Schneeglöckchen

Zwei auf einen Streich

Dies und das, Fotografie

Es liegt zwar schon wieder eine Weile zurück, aber heuer sind mir gleich zwei Dinge, die ich mir für jedes Jahr vornehme, die aber einen zeitlich begrenzten Möglichkeitsrahmen haben, auf einen Streich gelungen. Ich war Bärlauch brocken und bei dieser Gelegnheit habe ich Schneeglöckchen fotografiert.

Das mit dem Bärlauch habe ich letztes Jahr auch hinbekommen, die Schneeglöckchen verpasse ich aber seit Jahren. Man wartet darauf, dass der Winter endlich vorbei ist und wenn man endlich das Gefühl hat, es könnte jetzt langsam Frühling werden, ist das mit den Schneeglöckchen schon wieder vorbei.

Dabei finde ich diese ersten Frühlingsboten absolut bezaubernd. Lange wusste ich nicht, dass es sogar über 20 natürlich vorkommende Arten von Schneeglöckchen gibt. Heuer habe ich sie, wie gesagt, erwischt.

Für den Bärlauch habe ich meinen ganz speziellen Spot, der auch deshlab speziell ist, weil ihn mir meine Oma gezeigt hat. Der Familienspot sozusagen, dessen genaue Position von Generation zu Generation weitergegeben wird. Praktischerweise erreicht man ihn gut mit dem Fahrrad und meine Tochter kann nun auch schon die insgesamt etwa 25km schaffen, die der Weg hin und zurück insgesamt etwa ausmacht.

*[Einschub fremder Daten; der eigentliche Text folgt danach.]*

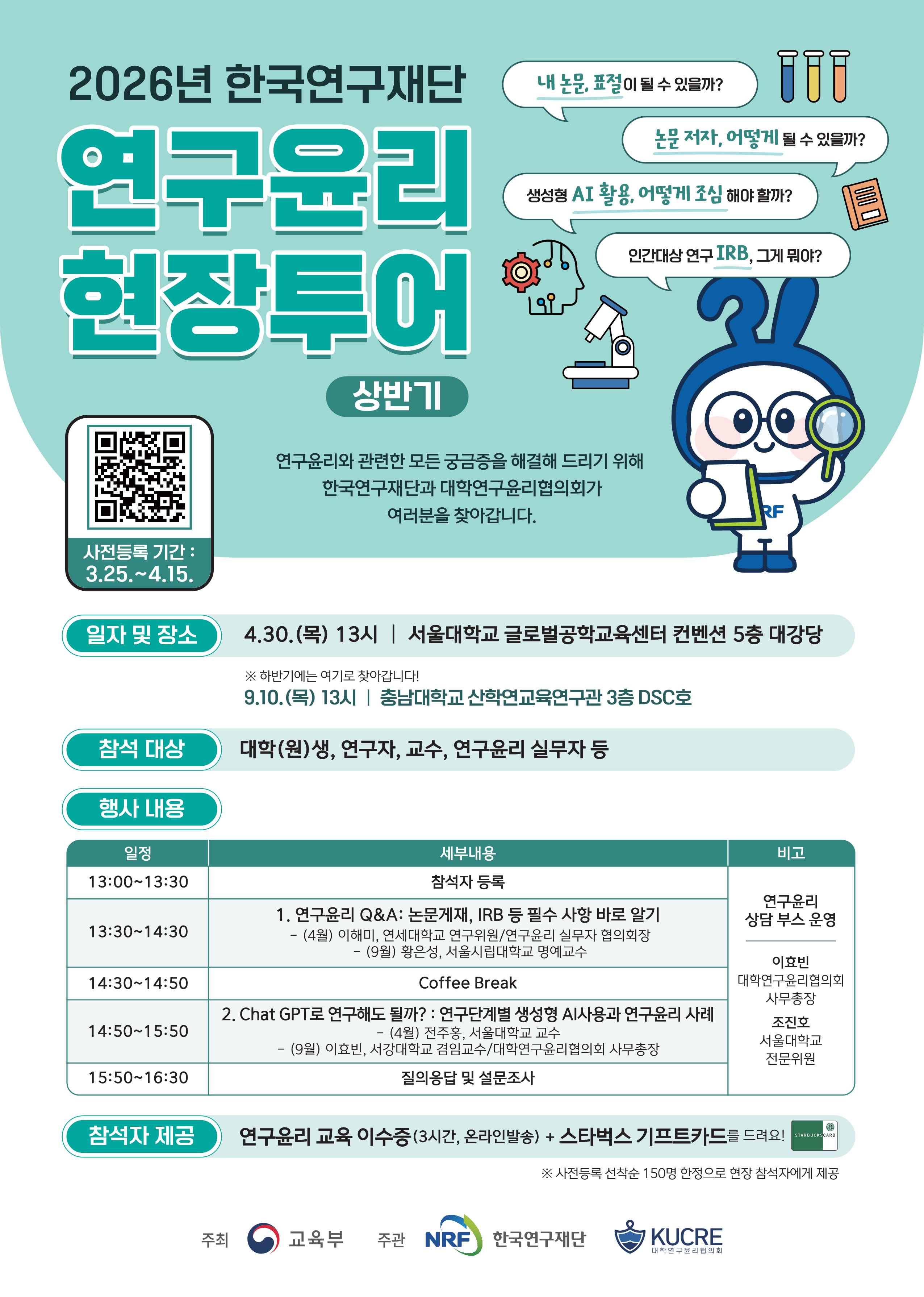 2. 국연구재단에서는 연구현장의 연구윤리 확립 및 제도개선 등을 위해 연구윤리 이슈에 한 교육 및 의견수렴을 위한‘2026년 연구윤리 현장 투어'를 아래와 같이 개최한다 하오니관심있는 분들의 많은 참여 바랍니다.

Die Wiener Lobau zeigt sich um diese Jahreszeit noch unscheinbar, ist mit dem Rad aber gut befahrbar. Mittlwerweile ist auch wirklich gut ausgeschildert, welche Wege für Fahrräder zugelassen sind und welche nicht, meine anfängliche Angst, unabsichtlich auf einen „verbotenen“ Weg abzuzweigen, hat sich also als unbegründet herausgestellt. Diese Wege sind dann auch mit Anhänger gut nutzbar, es muss also niemand zu Hause bleiben, auch der Einjährige nicht.

Bärlauch gab es dann auch reichlich, die Gefahr der Verwechsluing mit anderen Pflanzen ist, wenn man sich ein wenig auskennt, eigentlich eher gering, außerdem wachsen diese an meinem speziellen Spot nicht.

Bei diesem Ausflug habe ich dann auch gemerkt, dass mein Sohn ein absolutes Waldkind ist. Einmal im Wald platziert, stapfte er ohne Scheu einfach drauf los, mal hierhin, mal dorthin, und wollte alles entdecken. Er hat auch selbst schon ein bisschen geerntet und brav ins Sackerl gelegt. Das aus der Ernte entstandene Pesto hat ihm dann auch sehr gut geschmeckt.